Parallel file systems for HPC workloads

This document introduces the storage options in Google Cloud for high performance computing (HPC) workloads, and explains when to use parallel file systems like Lustre for HPC workloads. In a parallel file system, several clients use parallel I/O paths to access shared data that's stored across multiple networked storage nodes.

The information in this document is intended for architects and administrators who design, provision, and manage storage for data-intensive HPC workloads. The document assumes that you have a conceptual understanding of network file systems (NFS), parallel file systems, POSIX, and the storage requirements of HPC applications.

What is HPC?

HPC systems solve large computational problems fast by aggregating multiple computing resources. HPC drives research and innovation across industries such as healthcare, life sciences, media, entertainment, financial services, and energy. Researchers, scientists, and analysts use HPC systems to perform experiments, run simulations, and evaluate prototypes. HPC workloads such as seismic processing, genomics sequencing, media rendering, and climate modeling generate and access large volumes of data at ever increasing data rates and ever decreasing latencies. High-performance storage and data management are critical building blocks of HPC infrastructure.

Storage options for HPC workloads in Google Cloud

Setting up and operating HPC infrastructure on-premises is expensive, and the infrastructure requires ongoing maintenance. In addition, on-premises infrastructure typically can't be scaled quickly to match changes in demand.
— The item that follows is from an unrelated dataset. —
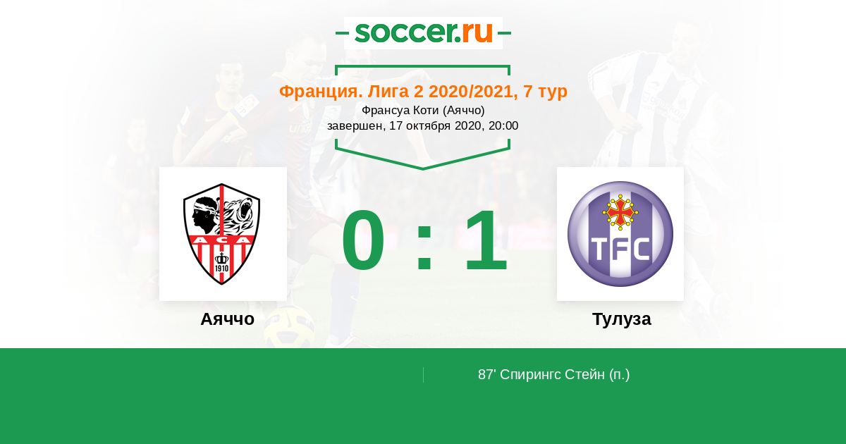 Протокол матча Аяччо против Тулуза

Planning, procuring, deploying, and decommissioning hardware on-premises takes considerable time, resulting in delayed addition of HPC resources or underutilized capacity. In the cloud, you can efficiently provision HPC infrastructure that uses the latest technology, and you can scale your capacity on-demand.
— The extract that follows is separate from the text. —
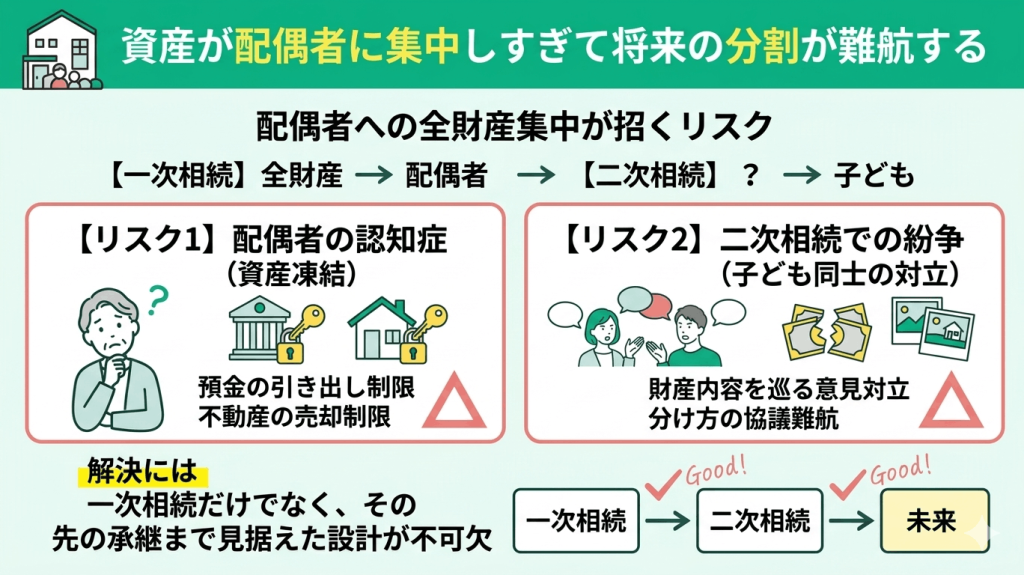配偶者に全財産を集中させると、将来の相続で思わぬ問題が生じる可能性があります。例えば、配偶者が認知症を発症した場合、預金の引き出しや不動産の売却が制限され、いわゆる資産凍結の状態になる恐れがあります。

Google Cloud and our technology partners offer cost-efficient, flexible, and scalable storage options for deploying HPC infrastructure in the cloud and for augmenting your on-premises HPC infrastructure. Scientists, researchers, and analysts can quickly access additional HPC capacity for their projects when they need it.

To deploy an HPC workload in Google Cloud, you can choose from the following storage services and products, depending on the requirements of your workload:

Workload type Recommended storage services and products
Workloads that need low-latency access to data but don't require extreme I/O to shared datasets, and that have limited data sharing between clients. Use NFS storage. Choose from the following options:
Workloads that generate complex, interdependent, and large-scale I/O, such as tightly coupled HPC applications that use the Message-Passing Interface (MPI) for reliable inter-process communication. Use a parallel file system. Choose from the following options:
For more information about the workload requirements that parallel file systems can support, see When to use parallel file systems.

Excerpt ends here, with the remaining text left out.